If it was at all good the first time round, I won't make it better by fiddling with it. And if it was shit the first time, it's probably best just to forget about it.

(by the way, I know all this is self-indulgent bollocks, and am fully aware of the art of killing one's baby. Metaphorical baby-killing, that is, before anyone calls the authorities.)

Intellectual

I'm not feeling very intellectual at the moment. I'm not feeling very anything at the moment, but intellectual is one things that I'm currently feeling more not than many other things. My absence from this blog/project/experiment/self-indulgence is linked to the same intellectual stupor, and is a source of massive - if slightly lethargic - irritation. I really wouldn't mind waking up one day and being able to pronounce the word chrysanthemum, but a blank mind just won't do.

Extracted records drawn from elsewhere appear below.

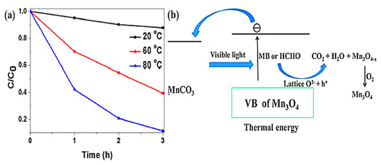Photo-thermal synergic interaction mode is also applied to degrade certain dyes, in which thermocatalysis shows no activity, but the photocatalytic activity of the catalytic system is increased with the increase in reaction temperature. Wang et al. degraded the methylene blue (MB) via thermal-assisted photocatalysis by constructing the Mn3O4/MnCO3 system [100]. The system showed negligible degradation under the dark or irradiation at 20 °C, while under visible-light exposure, the degradation rate was increased with increasing of temperature (Figure 8a). Consequently, the enhanced catalytic performance of the Mn3O4/MnCO3 nanocomposite under photo-thermal effects was not only because of the photocatalysis and thermocatalysis, but also due the existence of synergistic influence which existed in Mn3O4/MnCO3 nanocomposites, infatuating significant oxygen present in the lattice to entrap the holes, which then led to efficient oxidization at high temperatures (Figure 8b). Huang et al. synthesized the nanocomposite system of cerium oxide–cerium nitride (CeO2/CeN) to degrade MB in wastewater using the photo-thermal catalytic method. No degradation efficiency was obtained after heating the solution to 80 °C under dark, while the photocatalyst showed a 90% degradation rate in 1 h below 25 °C, and obtained a 100% degradation rate in 30 min without the temperature regulation, signifying that the thermal effect generated by light irradiation enhanced the photodegradation efficiency [101].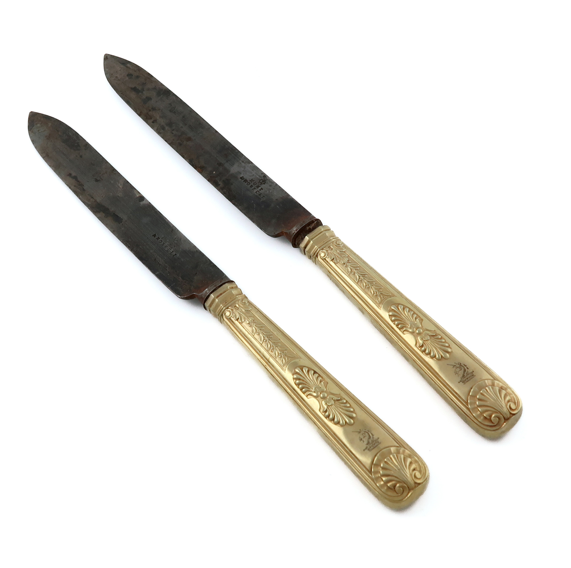 A pair of George III silver-gilt handled King's Pattern carving knives,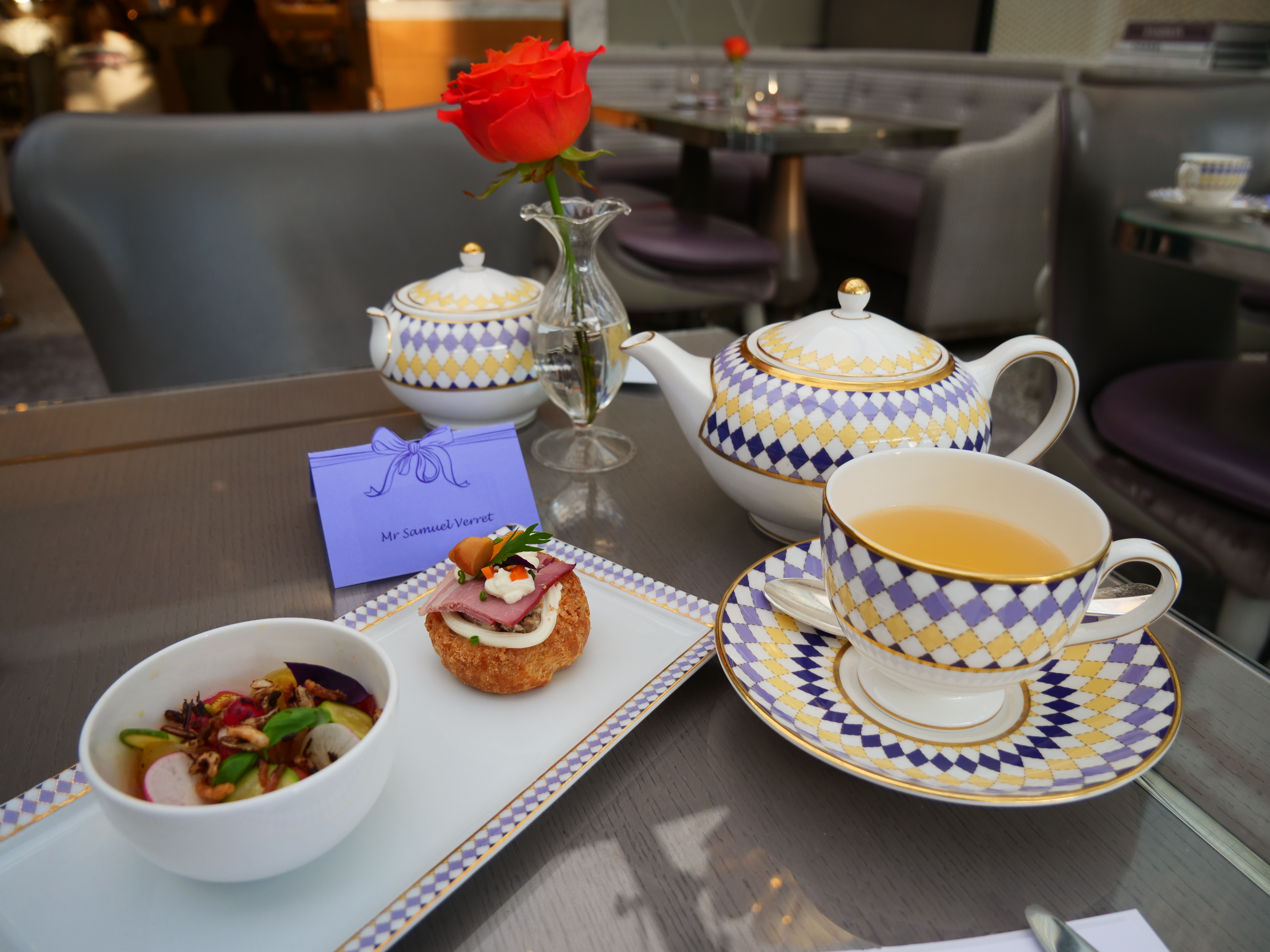 The tea is supplied by JING tea, a very decent supplier that works with roughly half of the hotels serving afternoon tea. There are 28 teas and infusions on offer, more than enough to accommodate everyone. I was glad to see that there is a yellow tea on offer but I didn’t feel extravagant enough to pay the £38 surcharge. Next time, perhaps?

Of course, I [don't] hear you ask, to suggest that I'm not currently feeling intellectual suggests that there's ever a time when I do. Arrogance! Conceit! Lettuce! And of course, you [i.e. no-one] is quite correct. I have about the same right to describe myself as an intellectual as Keira Knightly has to say "I'm really popular with women". But all of us, from time to time, is staggered by the sheer stupidity of people they encounter, and for a brief (and vaguely intoxicating) time get to think of themselves as intellectual by sheer contrast.

Not at the moment. Someone would have to be an actual shuffling zombie*, devoid of all thought except where the next piece of brain might be coming from before I would hold myself up for positive comparison. And even then, I'm thinking so slowly that I'd forget to run away from the zombie whilst comparing myself favourably to it, and get munched.

So I'll shuffle off now to the front room and stare with a perplexed expression at a BBC3 comedy. It's where I belong.